DIRECTIONS
Under this line are the records; write out word for word the part that begins at the line containing "Bonne visibilité dans" and ends at the line containing "йдеться в повідомленні.", and no more.

DATA
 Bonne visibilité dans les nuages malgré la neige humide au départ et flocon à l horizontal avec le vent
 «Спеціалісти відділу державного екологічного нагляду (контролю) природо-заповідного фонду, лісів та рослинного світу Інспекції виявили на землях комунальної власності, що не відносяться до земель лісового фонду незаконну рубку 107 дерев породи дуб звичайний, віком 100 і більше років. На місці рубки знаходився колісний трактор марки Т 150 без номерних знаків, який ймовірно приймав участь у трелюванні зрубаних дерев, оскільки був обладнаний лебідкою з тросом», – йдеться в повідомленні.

...

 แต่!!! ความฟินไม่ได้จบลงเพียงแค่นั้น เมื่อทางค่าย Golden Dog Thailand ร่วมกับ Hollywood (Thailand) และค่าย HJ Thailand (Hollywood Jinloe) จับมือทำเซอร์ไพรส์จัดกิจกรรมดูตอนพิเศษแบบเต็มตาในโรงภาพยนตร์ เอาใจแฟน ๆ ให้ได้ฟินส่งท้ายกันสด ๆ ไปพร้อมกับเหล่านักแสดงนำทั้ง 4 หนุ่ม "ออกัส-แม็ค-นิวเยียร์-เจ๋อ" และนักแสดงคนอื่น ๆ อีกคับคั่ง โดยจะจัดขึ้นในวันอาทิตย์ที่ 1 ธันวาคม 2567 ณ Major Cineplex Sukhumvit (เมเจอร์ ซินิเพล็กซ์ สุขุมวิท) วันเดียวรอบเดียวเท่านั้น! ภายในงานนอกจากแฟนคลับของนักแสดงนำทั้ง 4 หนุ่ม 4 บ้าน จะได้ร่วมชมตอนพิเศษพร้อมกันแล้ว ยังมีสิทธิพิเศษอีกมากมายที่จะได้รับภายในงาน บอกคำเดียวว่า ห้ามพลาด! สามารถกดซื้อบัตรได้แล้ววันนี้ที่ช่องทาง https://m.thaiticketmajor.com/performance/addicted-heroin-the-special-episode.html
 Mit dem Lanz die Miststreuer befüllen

OUTPUT FOR THIS TASK
 Bonne visibilité dans les nuages malgré la neige humide au départ et flocon à l horizontal avec le vent
 «Спеціалісти відділу державного екологічного нагляду (контролю) природо-заповідного фонду, лісів та рослинного світу Інспекції виявили на землях комунальної власності, що не відносяться до земель лісового фонду незаконну рубку 107 дерев породи дуб звичайний, віком 100 і більше років. На місці рубки знаходився колісний трактор марки Т 150 без номерних знаків, який ймовірно приймав участь у трелюванні зрубаних дерев, оскільки був обладнаний лебідкою з тросом», – йдеться в повідомленні.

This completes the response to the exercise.